#### WHAT THE TASK ASKS
Exactly the lines below from the one with "豐臣秀吉畫像（公財）宇和島伊達文化保存會所藏" up to and including the one with "每年農曆二月才會開的蔥花田。" make up the answer, with nothing else added.

#### LISTED RECORDS
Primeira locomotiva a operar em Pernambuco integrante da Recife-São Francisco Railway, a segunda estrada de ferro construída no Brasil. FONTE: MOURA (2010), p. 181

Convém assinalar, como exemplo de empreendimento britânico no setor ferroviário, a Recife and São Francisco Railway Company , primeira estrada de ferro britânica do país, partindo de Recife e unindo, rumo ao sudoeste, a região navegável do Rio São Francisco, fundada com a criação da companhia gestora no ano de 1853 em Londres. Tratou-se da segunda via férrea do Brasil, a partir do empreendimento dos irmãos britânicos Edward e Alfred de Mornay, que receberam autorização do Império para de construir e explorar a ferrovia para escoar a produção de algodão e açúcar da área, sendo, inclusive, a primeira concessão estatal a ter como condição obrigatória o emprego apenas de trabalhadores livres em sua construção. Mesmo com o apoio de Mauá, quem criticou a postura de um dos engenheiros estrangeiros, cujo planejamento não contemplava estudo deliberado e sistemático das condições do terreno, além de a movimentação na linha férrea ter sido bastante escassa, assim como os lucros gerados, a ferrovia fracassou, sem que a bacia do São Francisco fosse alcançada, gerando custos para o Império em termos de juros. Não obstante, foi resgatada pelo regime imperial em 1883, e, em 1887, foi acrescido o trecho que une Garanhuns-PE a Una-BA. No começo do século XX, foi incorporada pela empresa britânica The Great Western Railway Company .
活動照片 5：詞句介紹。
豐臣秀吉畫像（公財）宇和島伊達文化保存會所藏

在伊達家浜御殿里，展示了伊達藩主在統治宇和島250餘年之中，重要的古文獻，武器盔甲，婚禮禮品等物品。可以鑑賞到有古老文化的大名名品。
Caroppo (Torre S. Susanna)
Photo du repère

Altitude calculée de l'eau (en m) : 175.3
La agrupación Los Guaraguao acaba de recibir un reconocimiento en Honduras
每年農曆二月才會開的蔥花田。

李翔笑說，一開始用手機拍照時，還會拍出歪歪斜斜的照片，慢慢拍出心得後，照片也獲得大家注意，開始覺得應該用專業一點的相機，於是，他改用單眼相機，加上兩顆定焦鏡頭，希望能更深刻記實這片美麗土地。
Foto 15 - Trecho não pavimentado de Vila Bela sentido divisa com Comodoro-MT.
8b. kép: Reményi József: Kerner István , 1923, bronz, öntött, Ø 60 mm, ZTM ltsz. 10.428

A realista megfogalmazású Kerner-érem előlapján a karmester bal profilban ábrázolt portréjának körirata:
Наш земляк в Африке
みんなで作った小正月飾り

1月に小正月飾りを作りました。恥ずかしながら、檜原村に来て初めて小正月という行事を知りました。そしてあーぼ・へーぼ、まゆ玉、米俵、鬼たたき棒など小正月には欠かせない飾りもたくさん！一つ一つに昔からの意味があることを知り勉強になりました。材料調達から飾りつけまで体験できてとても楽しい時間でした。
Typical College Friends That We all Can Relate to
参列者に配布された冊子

#### FINISHED TASK
豐臣秀吉畫像（公財）宇和島伊達文化保存會所藏

在伊達家浜御殿里，展示了伊達藩主在統治宇和島250餘年之中，重要的古文獻，武器盔甲，婚禮禮品等物品。可以鑑賞到有古老文化的大名名品。
Caroppo (Torre S. Susanna)
Photo du repère

Altitude calculée de l'eau (en m) : 175.3
La agrupación Los Guaraguao acaba de recibir un reconocimiento en Honduras
每年農曆二月才會開的蔥花田。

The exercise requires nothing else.